MsiHelperLib.MsiHelper type works as a wrapper around MultiScaleImage managing this control and linking it to main SlImage component. Constructor of MsiHelper class takes three GUI controls defined in main GUI component (SlImage is our case), namely, MultiScaleImage, canvas and DataGrid as parameters and coordinates their behavior and events.
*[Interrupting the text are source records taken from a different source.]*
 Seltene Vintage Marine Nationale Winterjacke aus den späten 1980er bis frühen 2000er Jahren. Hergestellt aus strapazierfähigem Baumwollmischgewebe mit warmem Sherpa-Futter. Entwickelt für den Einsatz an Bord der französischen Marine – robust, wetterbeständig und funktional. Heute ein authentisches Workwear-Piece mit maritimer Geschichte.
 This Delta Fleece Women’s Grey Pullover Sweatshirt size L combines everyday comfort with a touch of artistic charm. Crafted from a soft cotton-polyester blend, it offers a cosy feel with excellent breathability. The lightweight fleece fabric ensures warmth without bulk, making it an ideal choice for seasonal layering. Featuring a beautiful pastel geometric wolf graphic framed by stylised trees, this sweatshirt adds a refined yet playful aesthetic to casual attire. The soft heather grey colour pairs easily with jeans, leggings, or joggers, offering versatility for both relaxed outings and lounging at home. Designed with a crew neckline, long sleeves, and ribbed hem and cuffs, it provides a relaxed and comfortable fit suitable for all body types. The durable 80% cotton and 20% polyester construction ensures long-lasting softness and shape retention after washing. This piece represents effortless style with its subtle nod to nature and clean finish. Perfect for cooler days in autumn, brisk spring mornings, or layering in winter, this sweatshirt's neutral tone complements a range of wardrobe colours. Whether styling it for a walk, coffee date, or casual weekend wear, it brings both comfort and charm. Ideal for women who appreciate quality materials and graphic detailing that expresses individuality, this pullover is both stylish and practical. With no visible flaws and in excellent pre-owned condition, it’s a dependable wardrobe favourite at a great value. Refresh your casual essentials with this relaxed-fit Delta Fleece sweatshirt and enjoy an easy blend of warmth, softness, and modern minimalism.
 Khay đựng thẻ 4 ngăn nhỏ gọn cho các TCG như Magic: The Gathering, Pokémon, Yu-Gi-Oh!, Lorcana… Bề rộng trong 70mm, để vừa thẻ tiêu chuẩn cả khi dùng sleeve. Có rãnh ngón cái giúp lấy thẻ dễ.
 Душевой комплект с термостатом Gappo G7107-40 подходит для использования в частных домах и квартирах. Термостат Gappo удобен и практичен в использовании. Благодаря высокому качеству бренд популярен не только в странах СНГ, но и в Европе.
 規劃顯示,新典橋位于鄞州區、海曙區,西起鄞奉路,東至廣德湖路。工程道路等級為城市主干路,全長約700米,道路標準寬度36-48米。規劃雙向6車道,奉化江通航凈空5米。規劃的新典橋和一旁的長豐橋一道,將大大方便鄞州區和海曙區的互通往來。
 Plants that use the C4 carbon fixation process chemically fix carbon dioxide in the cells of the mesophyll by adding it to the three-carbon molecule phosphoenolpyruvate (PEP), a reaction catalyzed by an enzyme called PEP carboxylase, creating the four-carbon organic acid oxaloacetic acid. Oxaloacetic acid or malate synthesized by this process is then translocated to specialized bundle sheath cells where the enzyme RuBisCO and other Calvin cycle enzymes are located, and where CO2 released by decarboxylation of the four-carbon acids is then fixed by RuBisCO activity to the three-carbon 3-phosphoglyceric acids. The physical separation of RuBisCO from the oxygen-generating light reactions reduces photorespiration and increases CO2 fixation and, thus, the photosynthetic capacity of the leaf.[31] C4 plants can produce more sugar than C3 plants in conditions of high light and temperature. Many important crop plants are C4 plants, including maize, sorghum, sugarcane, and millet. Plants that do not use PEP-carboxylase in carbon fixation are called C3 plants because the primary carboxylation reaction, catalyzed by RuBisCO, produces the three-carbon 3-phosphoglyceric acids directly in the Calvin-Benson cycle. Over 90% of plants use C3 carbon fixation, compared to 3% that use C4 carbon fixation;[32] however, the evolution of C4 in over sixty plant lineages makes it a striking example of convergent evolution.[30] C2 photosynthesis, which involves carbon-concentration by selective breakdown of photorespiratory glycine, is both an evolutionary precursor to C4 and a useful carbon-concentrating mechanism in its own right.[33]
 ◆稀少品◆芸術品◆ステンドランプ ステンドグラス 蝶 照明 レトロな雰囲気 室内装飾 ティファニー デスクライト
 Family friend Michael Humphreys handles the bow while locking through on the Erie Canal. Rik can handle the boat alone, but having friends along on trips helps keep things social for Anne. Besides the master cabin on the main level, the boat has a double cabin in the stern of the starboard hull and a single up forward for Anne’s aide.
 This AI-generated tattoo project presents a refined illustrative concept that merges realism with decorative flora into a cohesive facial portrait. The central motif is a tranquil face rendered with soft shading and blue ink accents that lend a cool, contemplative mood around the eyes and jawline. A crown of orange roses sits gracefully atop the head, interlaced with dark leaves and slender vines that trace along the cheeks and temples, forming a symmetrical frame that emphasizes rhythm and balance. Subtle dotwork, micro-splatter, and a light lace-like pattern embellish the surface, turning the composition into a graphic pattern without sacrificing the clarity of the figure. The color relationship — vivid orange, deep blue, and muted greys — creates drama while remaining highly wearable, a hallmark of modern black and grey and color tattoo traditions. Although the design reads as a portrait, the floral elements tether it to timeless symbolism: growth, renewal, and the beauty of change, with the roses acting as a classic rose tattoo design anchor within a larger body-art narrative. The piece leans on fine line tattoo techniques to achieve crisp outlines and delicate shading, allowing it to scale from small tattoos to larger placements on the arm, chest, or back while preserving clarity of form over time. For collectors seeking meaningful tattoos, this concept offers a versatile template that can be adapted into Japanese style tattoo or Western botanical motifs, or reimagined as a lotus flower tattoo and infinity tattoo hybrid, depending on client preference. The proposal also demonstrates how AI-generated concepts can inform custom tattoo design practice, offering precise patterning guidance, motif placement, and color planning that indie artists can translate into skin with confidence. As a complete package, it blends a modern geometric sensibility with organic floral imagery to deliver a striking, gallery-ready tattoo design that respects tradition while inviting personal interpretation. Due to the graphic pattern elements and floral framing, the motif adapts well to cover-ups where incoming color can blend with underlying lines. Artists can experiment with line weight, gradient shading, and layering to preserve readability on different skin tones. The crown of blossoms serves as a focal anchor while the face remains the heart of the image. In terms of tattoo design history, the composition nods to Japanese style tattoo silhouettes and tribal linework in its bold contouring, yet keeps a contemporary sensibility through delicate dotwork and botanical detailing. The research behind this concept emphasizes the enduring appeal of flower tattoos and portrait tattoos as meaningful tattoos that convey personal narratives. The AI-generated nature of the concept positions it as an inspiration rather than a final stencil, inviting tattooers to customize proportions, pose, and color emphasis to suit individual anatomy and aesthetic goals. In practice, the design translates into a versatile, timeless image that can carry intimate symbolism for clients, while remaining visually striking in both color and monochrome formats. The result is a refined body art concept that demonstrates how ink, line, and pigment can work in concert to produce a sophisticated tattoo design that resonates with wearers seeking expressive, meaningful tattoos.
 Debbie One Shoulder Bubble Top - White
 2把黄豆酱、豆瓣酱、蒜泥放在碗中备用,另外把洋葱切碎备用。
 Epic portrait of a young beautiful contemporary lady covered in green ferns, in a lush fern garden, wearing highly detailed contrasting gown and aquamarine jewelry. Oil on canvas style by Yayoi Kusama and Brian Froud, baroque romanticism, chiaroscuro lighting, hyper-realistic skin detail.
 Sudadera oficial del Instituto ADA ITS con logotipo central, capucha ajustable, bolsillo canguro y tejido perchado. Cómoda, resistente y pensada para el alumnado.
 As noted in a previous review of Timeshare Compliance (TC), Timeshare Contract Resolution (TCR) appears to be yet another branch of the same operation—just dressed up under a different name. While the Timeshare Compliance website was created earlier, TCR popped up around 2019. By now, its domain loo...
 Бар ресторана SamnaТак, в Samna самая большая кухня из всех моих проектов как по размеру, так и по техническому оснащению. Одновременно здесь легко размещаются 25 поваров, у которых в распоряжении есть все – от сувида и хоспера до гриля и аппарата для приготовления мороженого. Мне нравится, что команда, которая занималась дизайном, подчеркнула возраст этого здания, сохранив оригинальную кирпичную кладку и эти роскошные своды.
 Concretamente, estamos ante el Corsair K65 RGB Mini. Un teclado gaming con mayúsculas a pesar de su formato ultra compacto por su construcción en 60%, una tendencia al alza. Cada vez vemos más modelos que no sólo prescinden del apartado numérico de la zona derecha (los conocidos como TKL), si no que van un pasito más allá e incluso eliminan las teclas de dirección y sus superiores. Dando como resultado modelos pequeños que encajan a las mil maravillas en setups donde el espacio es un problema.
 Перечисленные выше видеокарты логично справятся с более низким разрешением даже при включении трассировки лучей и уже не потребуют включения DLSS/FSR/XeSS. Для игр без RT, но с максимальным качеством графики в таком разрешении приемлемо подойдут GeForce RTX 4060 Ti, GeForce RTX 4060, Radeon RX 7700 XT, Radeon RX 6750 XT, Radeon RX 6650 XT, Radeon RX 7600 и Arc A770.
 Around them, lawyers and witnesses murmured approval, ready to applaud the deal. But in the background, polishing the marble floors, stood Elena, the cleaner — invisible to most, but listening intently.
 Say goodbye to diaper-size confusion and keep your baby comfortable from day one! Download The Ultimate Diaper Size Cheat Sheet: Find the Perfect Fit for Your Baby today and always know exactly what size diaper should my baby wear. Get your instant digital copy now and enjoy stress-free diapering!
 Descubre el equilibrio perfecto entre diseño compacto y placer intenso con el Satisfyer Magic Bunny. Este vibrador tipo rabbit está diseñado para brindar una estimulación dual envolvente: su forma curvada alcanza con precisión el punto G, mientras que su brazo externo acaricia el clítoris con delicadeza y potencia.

MsiHelper is responsible for major activities with MultiScaleImage, like mouse button and wheel events for image zooming and movement, as well as handling of mark out, annotation and serialization of related data. Some of its methods are made virtual protected to facilitate addition of new features in derived classes during further development. Class MouseWheelHelper manages mouse wheel, while DescriptionChildWindow provides description (annotation) dialog form.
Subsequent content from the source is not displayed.